R/coxed.package.R

#' Duration-Based Quantities of Interest and Simulation Methods for the Cox Proportional Hazards Model
#'
#' The Cox proportional hazards model (implemented in R with \code{\link[survival]{coxph}} in the \code{survival}
#' package or with \code{\link[rms]{cph}} in the \code{rms} package) is one of the most frequently used estimators
#' in duration (survival) analysis. Because it is estimated using only the observed durations' rank ordering, typical
#' quantities of interest used to communicate results of the Cox model come from the hazard function (e.g., hazard ratios
#' or percentage changes in the hazard rate). These quantities are substantively vague and difficult for many audiences
#' of research to understand. The \code{coxed} package introduces a suite of methods to address these problems.
#' The package allows researchers to calculate duration-based quantities from Cox model results, such as the expected
#' duration (or survival time) given covariate values and marginal changes in duration for a specified change in a
#' covariate. These duration-based quantities often match better with researchers' substantive interests and are
#' easily understood by most readers.
#' In addition, no standard method exists for simulating durations directly from the Cox model's data generating
#' process because it does not assume a distributional form for the baseline hazard function. The \code{coxed} package
#' also contains functions to simulate general duration data that does not rely on an assumption of any particular parametric
#' hazard function.
#' @section Duration-Based Quantities of Interest for the Cox Model:
#'
#' The \code{\link[coxed]{coxed}} function generates expected durations for individual
#' observations and/or marginal changes in expected duration given a change in a covariate
#' from the Cox proportional hazards model. Specifically, the methods can compute (1) the
#' expected duration for each observation used to fit the Cox model, given the covariates,
#' (2) the expected duration for a "new" observation with a covariate profile set by the
#' analyst, or (3) the first difference, or change, in expected duration given two new data frames.
#'
#' There are two different methods of generating duration-based quantities in the package.
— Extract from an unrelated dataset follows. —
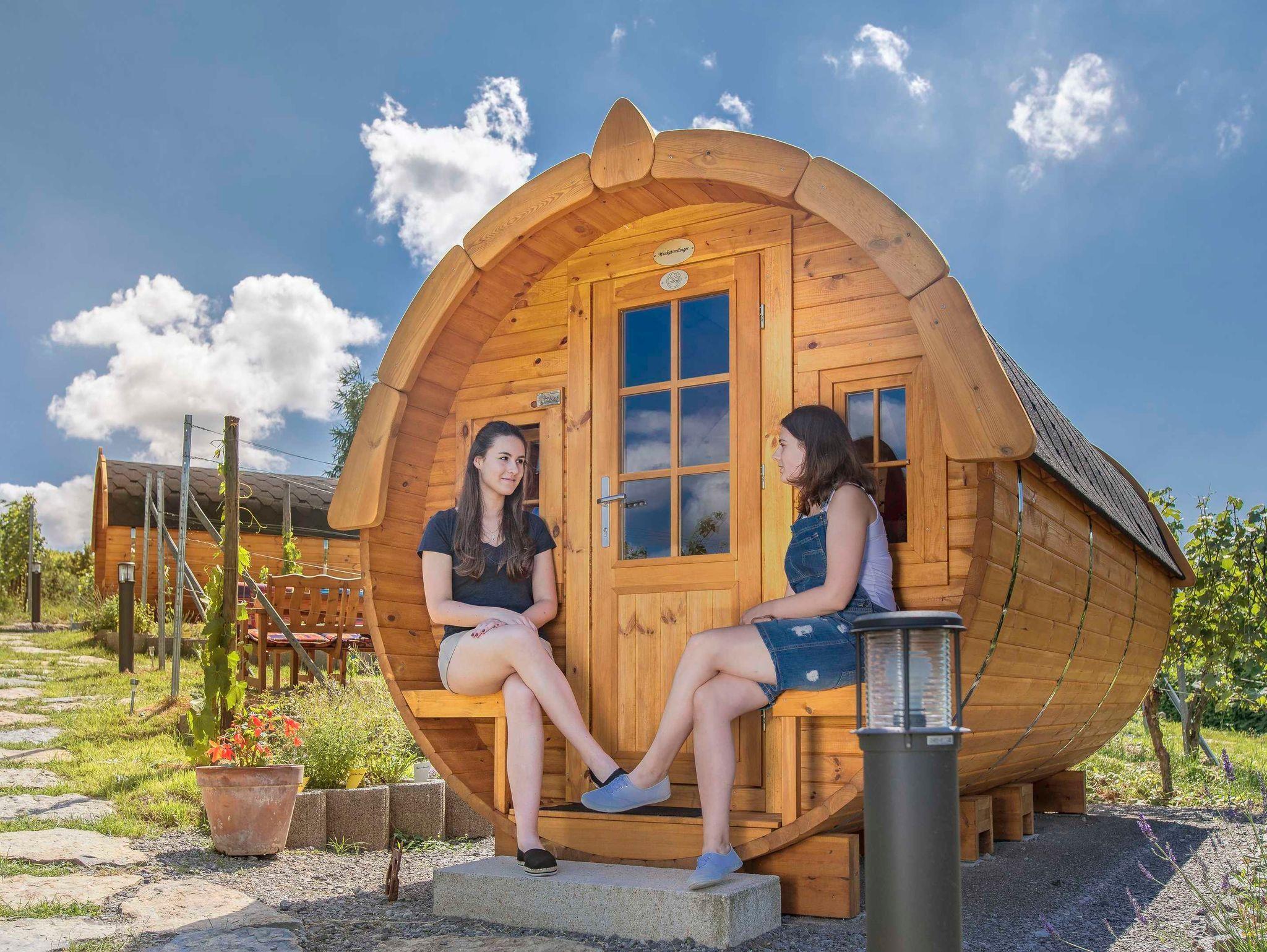 Es gibt insgesamt 3 rustikale Schlaffässer direkt im Weinberg.

#' \code{\link[coxed]{coxed}} with \code{type="npsf"} calculates expected durations by using the method proposed by
#' Cox and Oakes (1984, 107-109) for estimating the cumulative baseline hazard function.  This
#' method is nonparametric and results in a step-function representation of the cumulative
#' baseline hazard. Cox and Oakes (1984, 108) show that the cumulative baseline hazard function can be estimated
#' after fitting a Cox model by
#' \deqn{\hat{H}_0(t) = \sum_{\tau_j < t}\frac{d_j}{\sum_{l\in\Re(\tau_j)}\hat{\psi}(l)},}
#' where \eqn{\tau_j} represents time points earlier than \eqn{t}, \eqn{d_j} is a count of the
#' total number of failures at \eqn{\tau_j}, \eqn{\Re(\tau_j)} is the remaining risk set at \eqn{\tau_j},
#' and \eqn{\hat{\psi}(l)} represents the ELP from the Cox model for observations still in the
#' risk set at \eqn{\tau_j}. This equation is used calculate the cumulative baseline hazard at
#' all time points in the range of observed durations. This estimate is a stepwise function
#' because time points with no failures do not contribute to the cumulative hazard, so the function
#' is flat until the next time point with observed failures.
#'
#' We extend this method to obtain expected durations by first calculating the baseline survivor
#' function from the cumulative hazard function, using
#' \deqn{\hat{S}_0(t) = \exp[-\hat{H}_0(t)].}
#' Each observation's survivor function is related to the baseline survivor function by
#' \deqn{\hat{S}_i(t) = \hat{S}_0(t)^{\hat{\psi}(i)},}
#' where \eqn{\hat{\psi}(i)} is the exponentiated linear predictor (ELP) for observation \eqn{i}.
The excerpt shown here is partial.